Recebi Pulphead, traduzido por Chico Mattoso e Daniel Pellizzari (coincidência, ou não, ambos autores da Coleção Amores Expressos), em casa por indicação da Diana e da Clara que trabalham na Companhia das Letras. Não sei ao certo se Luiz Schwarcz treina todos seus funcionários a criarem uma espécie de influência sobre as pessoas ou a estudarem em minúcias o perfil de cada leitor. Também não precisaram realizar esforços homéricos, a quarta capa – e as diversas resenhas que li – avisavam que o autor daquele livro de ensaios era comparado a Tom Wolfe e David Foster Wallace.

Àquela altura, John Jeremiah Sullivan era um desconhecido para mim e ele ainda não estava confirmado a vir às ruas de Paraty praticar caminhada com obstáculos no centro histórico. Todavia, ao confirmarem sua presença, atropelei algumas teclas no meu MacBook e agendei uma entrevista com o ensaísta na primeira data disponível, por e-mail.

Ao chegar em Paraty conheci André Araújo, um dos “hóspedes” da Casa Posfácio, que já colaborou com o site indiretamente com Bruno Mattos e que se considera um fanático pelos ensaios do Sullivan, se empolgou em me ajudar nessa empreitada mais do que bem vinda – e o gravador era dele, de qualquer forma.

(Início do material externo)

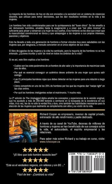 El Alfa Liberado está disponible por primera vez como libro de tapa dura. Impreso en papel más grueso y protegido por una resistente tapa dura, esta edición es el regalo perfecto para hacer llegar a alguien que quieres que persiga la excelencia en su vida. ¿¿La mayoría de los hombres de hoy en día son enviados a la sociedad con un sistema de creencias obsoleto, que utilizan para tomar decisiones, que les dan resultados terribles en la vida y las mujeres. Los hombres han sido condicionados para ser la quintaesencia del "buen chico". Se les enseña a ser demasiado humildes, amables hasta la exageración y a creer que "ser ellos mismos" es suficiente para atraer y conservar a la mujer de sus sueños. A los hombres se les dice que crean que la masculinidad convencional es tóxica y que antepongan a las mujeres a sus propios intereses, pasiones y objetivos. Esto ha llevado a toda una generación de hombres a formar vínculos muy poco saludables con las mujeres que, por desgracia, a menudo convierten en el único objetivo de sus vidas. El libro de jugadas de las mujeres y la vida ha cambiado, pero la mayoría de los hombres no se han enterado. ¿Quieres triunfar y subir de nivel en todos los ámbitos de tu vida? Si es así, este libro explica a los hombres Cuáles son los siete parámetros de un hombre de alto valor y la importancia de maximizar cada uno de ellos. Por qué es esencial conseguir un auténtico deseo ardiente de una mujer que quiera salir contigo Las 21 principales banderas rojas que debes detectar en las mujeres para una relación a largo plazo. Cómo convertirte en uno de los 20% de hombres por los que las mujeres dan "swipe right" en las citas online. Por qué los hombres inteligentes evitan el matrimonio. Y mucho más. La 2ª edición de The Unplugged Alpha amplía los conceptos y las experiencias que se ofrecen en la versión original, que ha ayudado a más de 200.000 lectores a centrarse en la búsqueda de la excelencia, para que ellos también puedan vivir su mejor vida, y les proporciona las herramientas y la mentalidad necesarias para elegir a la mujer que realmente les complementa a ellos y a su visión de la vida.

Mal sabia eu que suas perguntas seriam tão pertinentes quanto as minhas e, provavelmente, aquele encontro, em um jardim na sexta-feira ensolarada e quente de Paraty, seria um aperitivo (quase couvert) da tão esperada mesa “A arte do ensaio”.

Chegamos a Casa da Companhia das Letras, na Rua do Comércio de Paraty. Eu estava um pouco nervoso, pois no primeiro ensaio de Pulphead Sullivan transcreve fielmente sotaques e sabe diferenciá-los na escrita.

 

“Fiquei com medo de começar essa entrevista. Meu sotaque é muito puxado e isso fica evidente quando falo em inglês.”, confessei.

 

Sullivan deu uma leve risada, enxugou o suor da fronte antes de elogiar meu inglês, tragou seu cigarro enrolado à mão, soltando a fumaça de maneira peculiar:

 

“Eu presto muita atenção a sotaques, provavelmente por ser do sul dos EUA, apesar de não me considerar um escritor sulista, pois cresci em indiana. Uma coisa que o sul faz com você é sensibilizá-lo para os diferentes modos de falar. Eu lembro quando tinha 13 anos e minha família se mudou do Kentucky para Ohio, lembro de rirem de mim pelo meu sotaque, imitando o jeito que eu falava.”

 

Nessa hora me identifiquei e soltei outra risada, mas ele continuou:

 

“E de alguma forma o meu ouvido ligou. Comecei a prestar atenção ao modo como as pessoas falavam, e que esse modo muitas vezes refletia questões de classe.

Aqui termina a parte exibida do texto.